Stocks stride to record highs ahead of US inflation test

By Tom Westbrook

SINGAPORE (Reuters) – Stocks rose on Thursday, with markets from Tokyo to New York at record highs, while traders counted down to U.S. data that is expected to show inflation easing and pave the way for rate cuts in September.

Bonds and the dollar were steady, keeping the yen on the weak side of 161 per dollar and near its lowest levels in decades.

Gains in heavyweight technology shares sent the S&P 500 up 1% overnight to a sixth consecutive record closing high, and in Asia, Japan’s Nikkei rose 1% to a record high at 42,426. [.T]

MSCI’s broadest index of Asia-Pacific shares outside Japan also gained 1% to a two-year high. Taiwan stocks hit a record peak and Australia’s ASX 200 was within a whisker of its all-time top.

“The main driver is really the prospect of interest rate cuts,” said Shane Oliver, chief economist and head of investment strategy at AMP in Sydney. “If we get a good inflation read, it will tick one of Powell’s boxes.”
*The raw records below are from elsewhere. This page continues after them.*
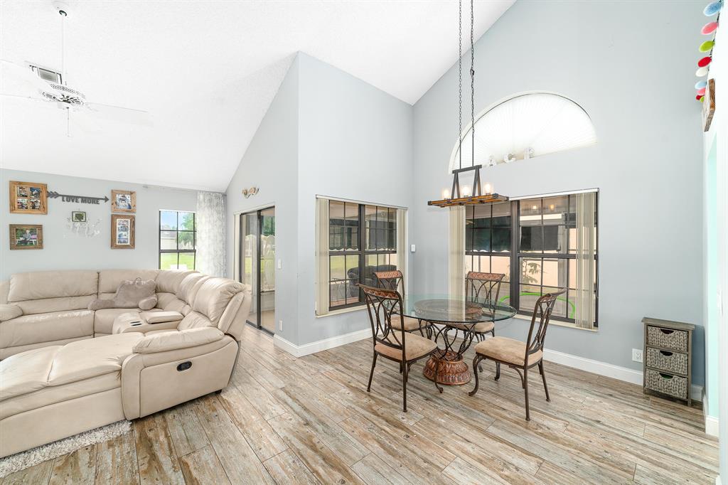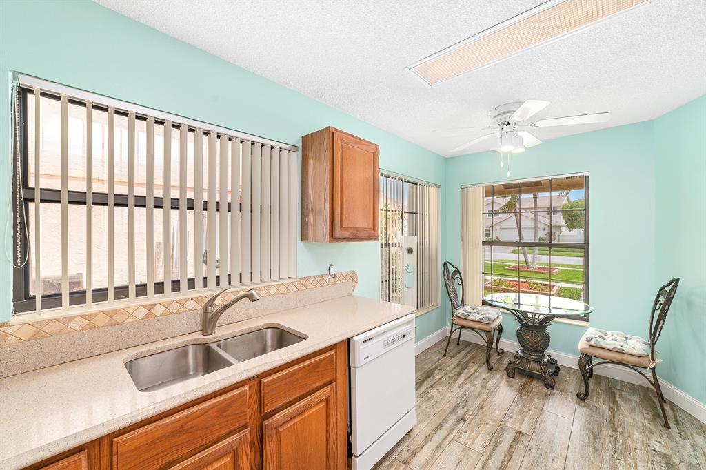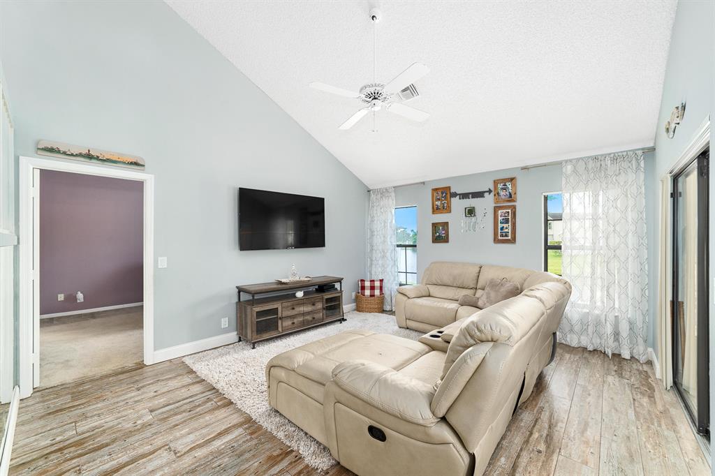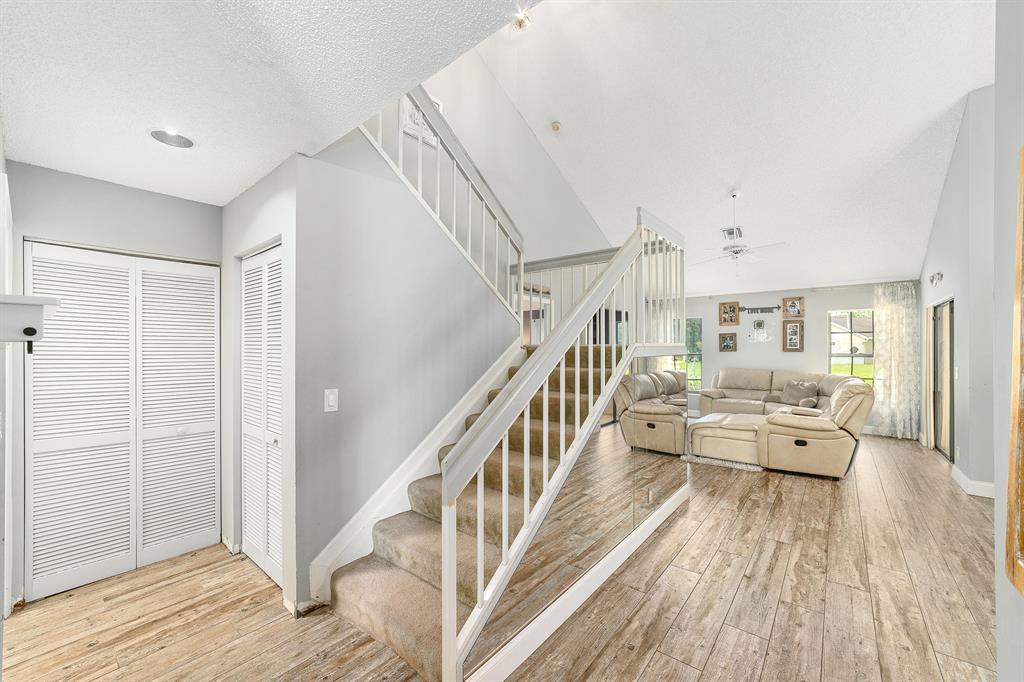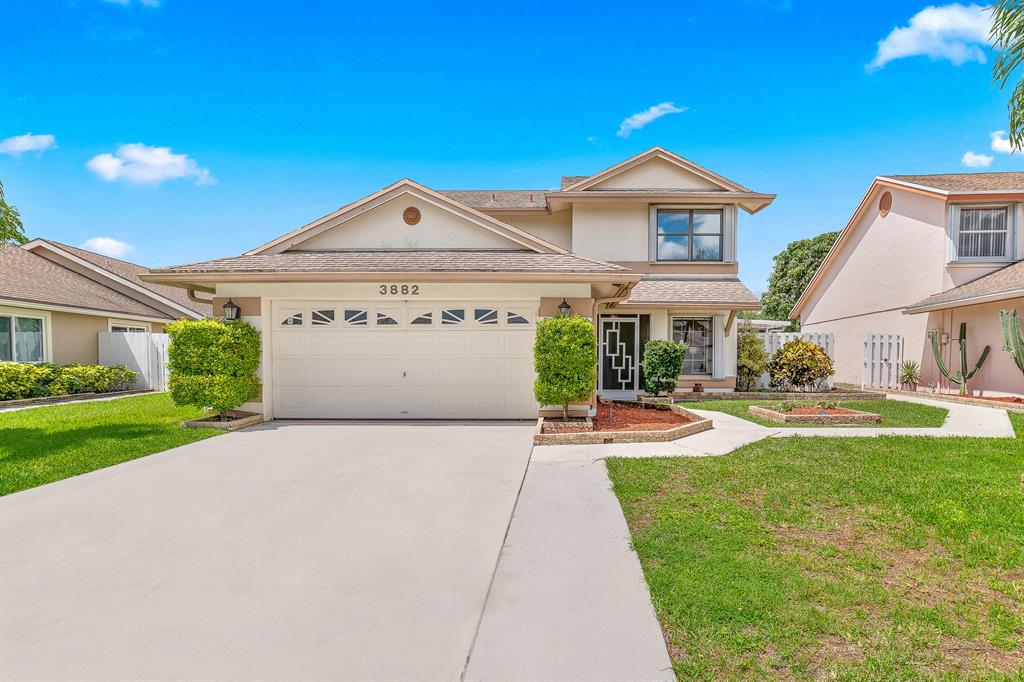 This two story home, featuring 3 bedrooms, 2.5 bathrooms and a 2 car garage is centrally located in Palm Club West Village. The main living area has new wood-look tile throughout. The home features a Florida room for extra living space. The spacious first floor master bedroom overlooks the lake and showcases a built-in closet and vaulted ceilings. Upstairs you will find 2 bedrooms and a full bathroom. Accordion shutters on the upstairs windows! This backyard patio has a wood deck with a great lake view. The carpet will be replaced before closing or a credit offered. Conveniently located to the Florida Turnpike and I-95 and just minutes away from shopping and dining! Please make sure to take a look at the 3D Tour / Virtual Walk-Thru Video!
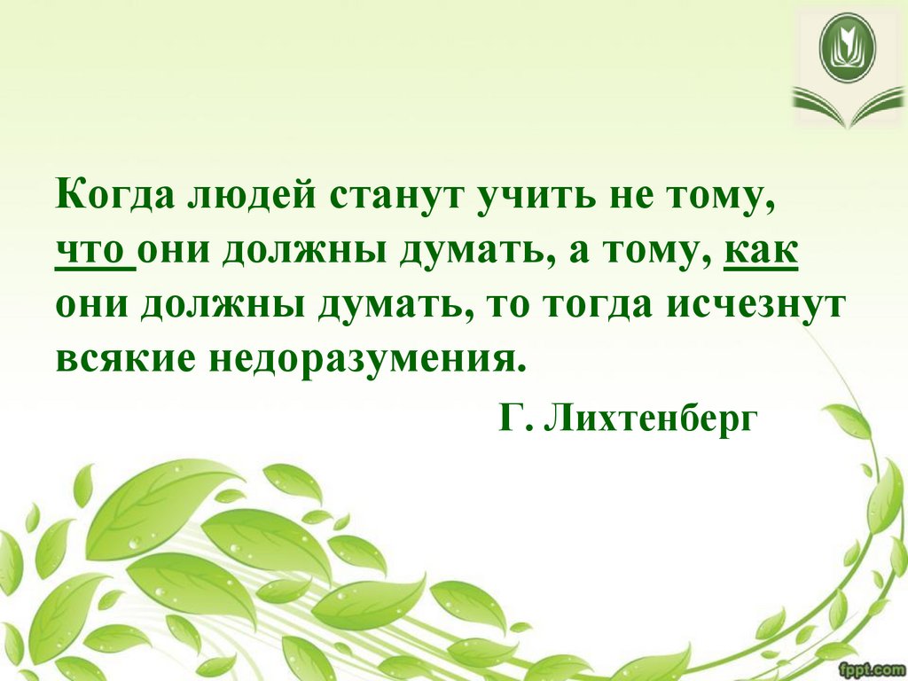 Когда людей станут учить не тому,что они должны думать, а тому, как
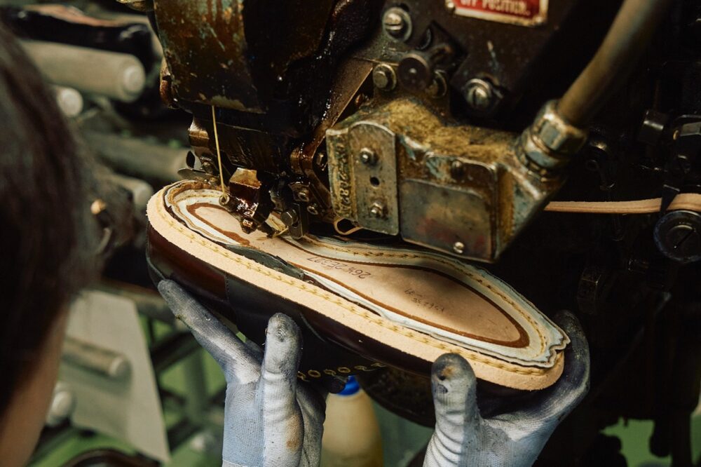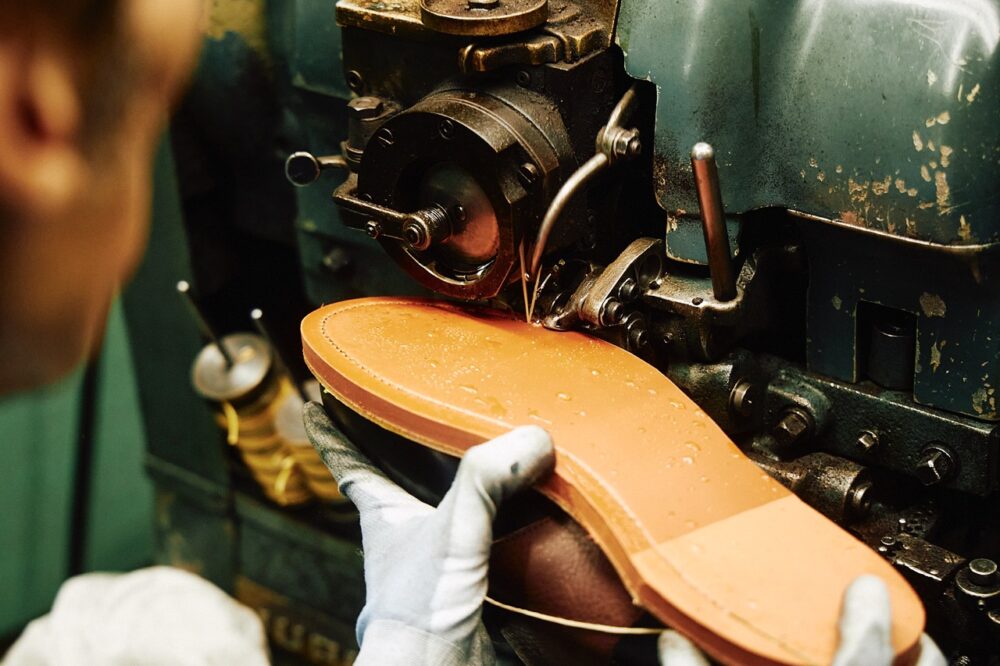 言葉にしてしまうと当たり前のことのように聞こえるかもしれないが、100をゆうに超えるグッドイヤーウェルト製法の工程では、それぞれが特殊な技術や設備を必要とする。「だし縫い」や「すくい縫い」と言った特殊な工程を踏むことでも知られるグッドイヤーウェルト製法。その工程が移るたびに技術者が入れ替わり、使う設備を変えて分業で行うのだが、次の技術者がチェックして、不十分だと感じた場合は前に戻り、を繰り返していく。
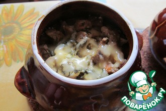 2. Положить в горшочек все в таком порядке: мясо, морковь, грибы.
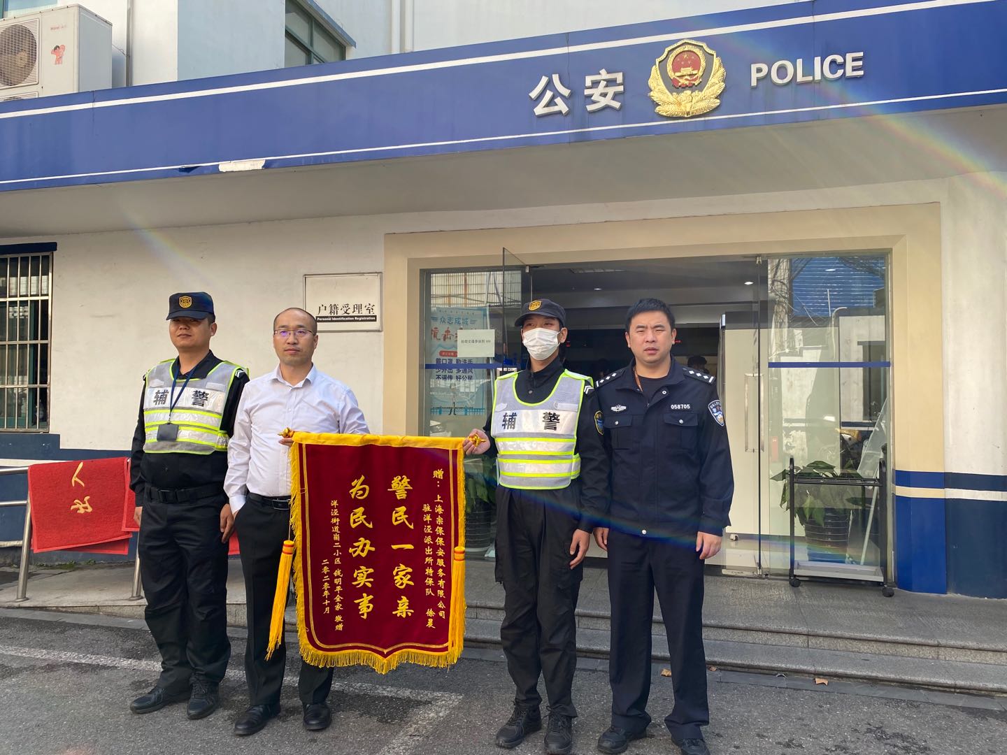 10月17日上午,宗保公司駐洋涇輔警項目收到走散兒童家長(cháng)送來(lái)的繡有“警民一家親,為民辦實(shí)事”的錦旗。

U.S. Federal Reserve Chair Jerome Powell told lawmakers on Capitol Hill overnight that “more good data” would build the case for the U.S. central bank to cut interest rates. Futures pricing implies about a 75% chance of a cut in September.

Economists forecast annual U.S. CPI slowed to 3.1% in June from 3.3% in May.

The Bank of Korea stood pat on interest rates and Governor Rhee Chang-yong told reporters that it was time to prepare to pivot to rate cuts.

A shift in tone at the Reserve Bank of New Zealand on Wednesday led to a sharp re-pricing in rate-cut expectations, with the benchmark two-year swap rate diving 18 basis points and the currency sliding.

Malaysia is expected to hold rates steady later in the day, and the U.S. earnings season will also begin with results from Delta Air Lines and consumer bellwether PepsiCo, followed by bank results on Friday.


China stocks chimed with the market momentum on Thursday, but a drumbeat of disappointing data and talk of tariffs in its major export markets have made rallies hard to sustain. China GDP print is due on Monday.

Hong Kong’s Hang Seng rose 1%, and on the mainland, the blue-chip CSI300 climbed 0.4% although it remains huddled pretty close to Tuesday’s four-and-a-half-month low. [.HK][.SS]

China’s yuan steadied at 7.2738 per dollar, barely stronger than an almost eight-month low made on Wednesday. [CNY/]

Elsewhere, moves were modest ahead of the U.S. CPI release.

The euro ticked higher to $1.0835. Sterling made a one-month high of $1.2854 as Bank of England’s chief economist had, overnight, sounded vaguer about the timing of rate cuts than many traders had expected. [FRX/]

The yen hovered at 161.58 per dollar. Data showed Japan core machinery orders unexpectedly down for a second month running, challenging expectations for interest rates to rise.

The New Zealand dollar found support at its 200-day moving average and traded at $0.6095. The Australian dollar rose 0.2% to a six-month high of $0.6763. [AUD/]

Treasuries were steady overnight and in Asia, with U.S. two-year yields holding at 4.62% and benchmark 10-year yields at 4.29%. [US/]

In commodity trade, oil prices edged higher on signals of strong U.S. gasoline demand. Brent futures rose 35 cents, or 0.4%, to $85.43 a barrel. U.S. crude climbed 36 cents, or 0.5%, to $82.47 a barrel. [O/R]

Favourable U.S. weather has wheat futures pressured near two-and-a-half month lows. [GRA/]

Gold crept 0.2% higher to $2,373 an ounce. After a selloff last week, bitcoin has steadied around $58,900.